'Come out of that!'

'What's the matter?' Dick's voice did not sound as unconcerned as he would have wished.

'You come out!'

'No need to speak like that,' and Dick emerged. He thought it wise to ignore Archie. 'Hallo, Norah,' he said. 'Why didn't you wait at the camp?'

The assumption of ownership was ill-timed. Archie's sunburnt face went brick red, and he came very close to Dick.

'If you don't clear out, I'll break you up.'

Dick Ward towered above his adversary, but there his advantage ended. He carried too much flesh, and his splendid torso looked best under a tennis shirt. But Archie's muscles had been worked into steel by twenty-five-mile days after elephant, and made him as awkward an opponent as a six-inch shell.
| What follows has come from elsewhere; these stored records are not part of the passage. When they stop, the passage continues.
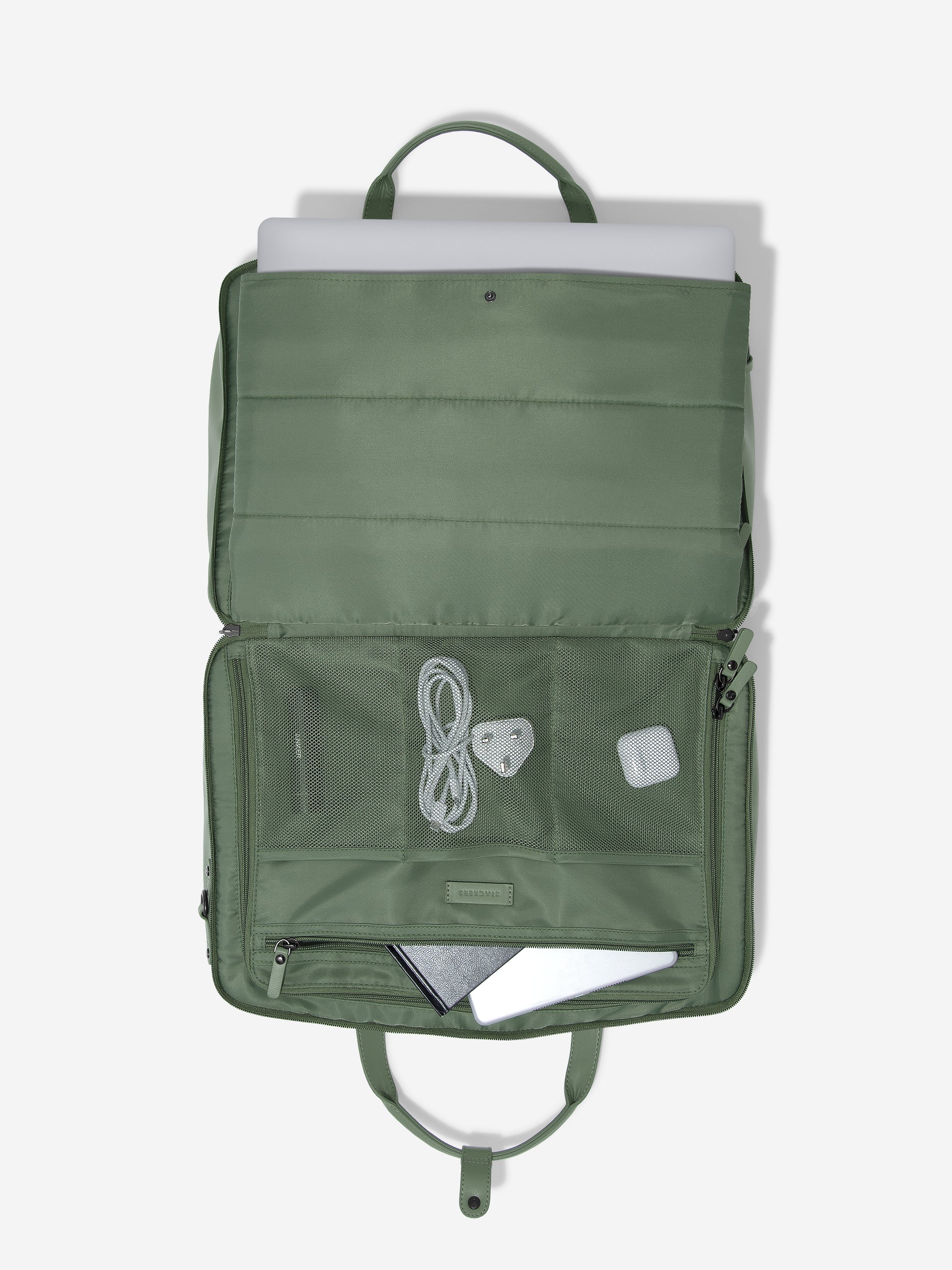 Inside, there's a velvet-lined laptop pocket with popper fastening, so you can access your electrical items without opening the entire bag. The bag has two large zipped compartments, one with compression straps to secure your items. With a range of additional pockets and compartments to keep smaller items separate.
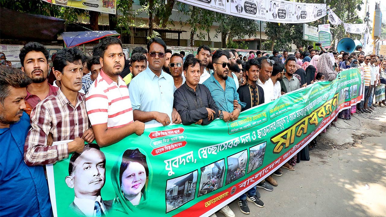 বগুড়ায় বিএনপি’র অঙ্গ ও সহযোগী দলের নেতাকর্মীদের বিরুদ্ধে মামলা প্রত্যাহারের দাবিতে মানববন্ধন
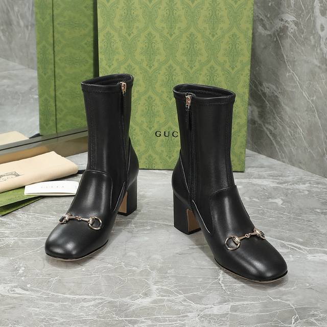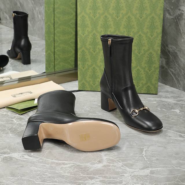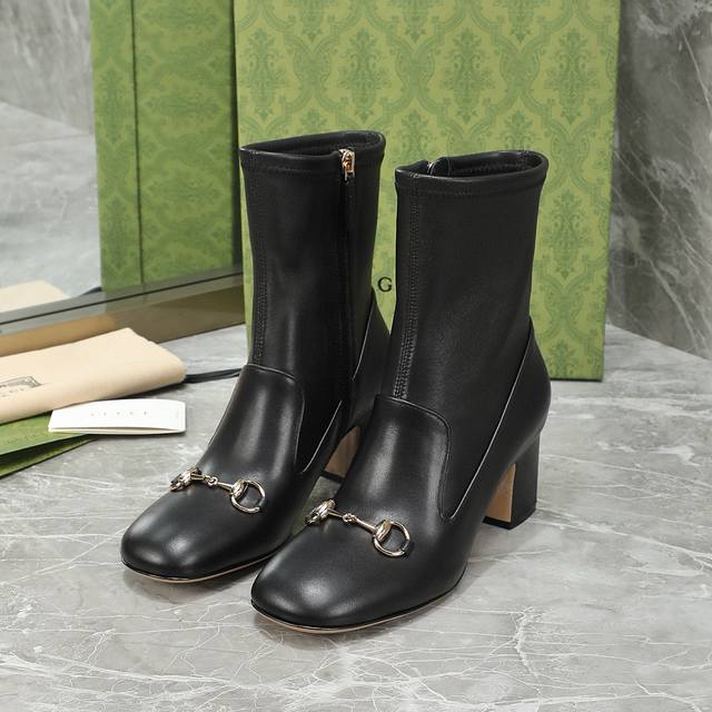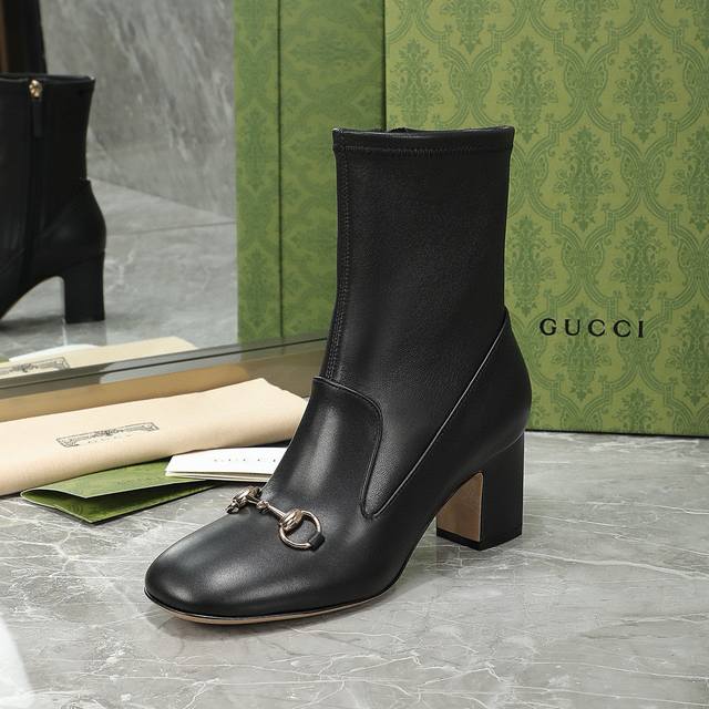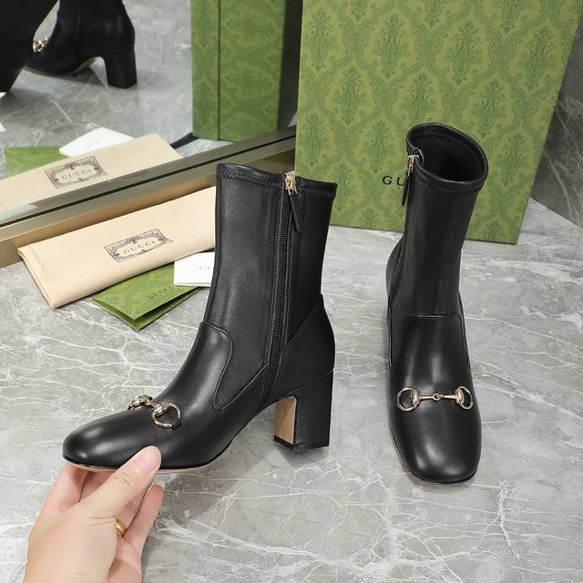 Gucci Fall/Winter Horsebit Ankle Boots. The classic 1955 horsebit design features a minimalist aesthetic with no unnecessary details. The semi-circular square toe is full and stylish, and the overall lines of the shoe are very soft, conforming to the shape of the foot. Material: Imported calfskin + elastic sheepskin. Lining: Sheepskin. Outsole: Italian genuine leather. Heel height: 6.5/9.5 cm. Sizes: 35-40, 41, 42 (custom sizes available).

'My dear Sinclair,' said Dick, 'we must talk this over like men of the world.' The tone of patronage alone would have been enough. Archie's feet shifted and his right knee turned and bent for the upper-cut that in another second would have smashed upwards under Dick's jaw, when Norah's low voice broke in:—

'Archie! Dick! Don't; you're making things worse!'

Her instinct was to save her lover. He was in danger, he was her lover. The pity she had lately felt for Archie was in a way disloyalty to Dick.